Partially Observable Environment
- Partial observability: agent indirectly observes environment
- A robot with camera vision isn’t told its absolute location
- A trading agent only observes current prices
- A poker playing agent only observes public cards
-
Now agent state $\neq$ environment state
- Formally this is a partially observable Markov decision process
- Agent must construct its own state representation ${S_t}^a$
- Complete history ${S_t}^a = H_t$
- Beliefs of environment state (vector of prob)
- Recurrent neural network $\sigma ({S_{t-1}}^a W_s + O_t W_o)$
Inside an RL Agent
Major Components of an RL Agent
- An RL agent may include one or more of these components
- Policy: agent’s behavior function
- Value function: how good is each state and/or action (reward expected)
- Model: agent’s representation of the environment
Policy
- A policy is the agent’s behavior
- It is a map from state to action
- Deterministic policy: $a = \pi (s)$
- Stochastic policy: \(\pi (a | s) = P[A=a | S=s]\)
Value Function
- Value function is a prediction of future reward
- Used to evaluate the goodness/badness of states
- And therefore to select between actions
Discounting more future rewards.
Model
- A model predicts what the environment will do next
- Transitions: $\mathcal{P} predicts the next state (i.e. dynamic)

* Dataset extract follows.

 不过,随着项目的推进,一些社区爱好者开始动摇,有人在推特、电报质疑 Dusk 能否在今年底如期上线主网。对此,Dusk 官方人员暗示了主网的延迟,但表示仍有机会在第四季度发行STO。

- Rewards: $\mathcal{R}$ predicts the next immediate reward
Not a requirement to build a model for env.
Maze Example
- Rewards: -1 per time step
- Actions: N, E, S, W
- States: Agent’s location
Categorizing RL agents
- Value based
- No policy or Implicit policy
- Value Functions
- Policy based
- Policy
- No Value Function
- Actor Critic
- Policy
- Value Function
- Model Free
- Policy and/or Value Function
- No Model (without knowing how env works)
- Model based
- Policy and/or Value Function
- Model
Problems Within Reinforcement Learning
Learning and Planning
Two fundamental problems in sequential decision making
- Reinforcement Learning
- The enviroment is initially unknown
- The agent interacts with the environment
- The agent improves its policy
- Planning
- A model of the environment is known
- The agent performs computations with its model (w/o any external interaction)

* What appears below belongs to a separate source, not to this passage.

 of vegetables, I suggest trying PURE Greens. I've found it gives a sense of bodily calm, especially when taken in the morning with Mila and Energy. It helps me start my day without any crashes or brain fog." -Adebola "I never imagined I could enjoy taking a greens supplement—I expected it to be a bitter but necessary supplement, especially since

- The agent improves its policy
- a.k.a deliberation, reasoning, introspection, pondering, thought, search
Atari Example: Reinforcement Learning
- Rules of the game are unknown
- Learn directly from interactive game-play
- Pick actions on joystick, see pixels and scores
Atari Example: Planning
- Rules of the game are known
- Can query emulator
- perfect model inside agent’s brain
- If I take action a from state s:
- what would the next state be?
- what would the score be?
- Plan ahead to find optimal policy
- e.g. tree search
Exploration and Exploitation
How to balance exploration and exploitation?
- Reinforcement learning is like trial-and-error learning
- The agent should discover a good policy
- From its experiences of the environment
- Without losing too much reward along the way
- Exploration finds more information about the environment
- Exploitation exploits known information to maximize reward
- It is usually important to explore as well as exploit.